モーツァルトのほとんどの作品が長調です。 長調とは装飾音が多く、軽快で優雅で美しい曲調です。ですが、晩年に向かうにつれて、モーツァルトの曲調が変わっていきます。同じ長調でありながら、明るく軽快な曲調から、どこか悲しさを感じさせる曲調へと変化していきます。

モーツァルトの曲調について

なぜ、モーツァルトの作った曲は、ほとんどが長調なのでしょうか?

それは、当時の音楽家は自分が作りたい曲を作っていたわけではなく、人に曲を作って欲しいと依頼されて、作曲していたことが大きな理由です。モーツァルトもほかの音楽家と同じように、依頼を受けて、曲を作ることが多かったようです。

クラシック音楽にも流行というものがありました。ロココ様式やギャラント様式などと呼ばれる、長調の曲風です。

人からの注文により、曲を作る時代でしたので、必然的に人気のある長調の曲を依頼されることが多かったようです。

音楽家といえども、自分の好きな曲を作曲しているだけでは、生きてはいけない時代だったのです。
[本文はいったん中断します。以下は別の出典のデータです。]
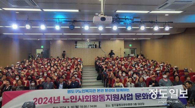 (정도일보) 영도구와 영도구노인복지관은 2024년 9월 30일, 함지골청소년수련관 대강당에서 ‘2024년 노인일자리 및 사회활동 참여자 문화활동’ 행사를 성공적으로 개최했다. 이날 행사에는 약 400명의 어르신들이 오전과 오후 두 차례에 걸쳐 참석했으며, 다채로운 공연과 함께 즐거운 시간이 마련됐다.

モーツァルトが作った曲に長調が多いのは、このことが理由です。

モーツァルトが作った曲は、高い人気を得ますが、ウィーン時代の後半になるころには、その人気も下がってきます。

あまり人に受けいられなくなり、モーツァルトの収入は減ってきます。晩年、モーツァルトの生活が貧しくなった理由も、当時の音楽の流行が関係していました。

モーツァルトの作品

モーツァルトは父親のレオポルトによって、幼い頃から音楽の才能を見出されています。

レオポルトの音楽指導により、モーツァルトは5歳に「アンダンテ ハ長調K.1a」を作曲しています。以来、亡くなるまでの間に、700曲以上を作曲したと言われています。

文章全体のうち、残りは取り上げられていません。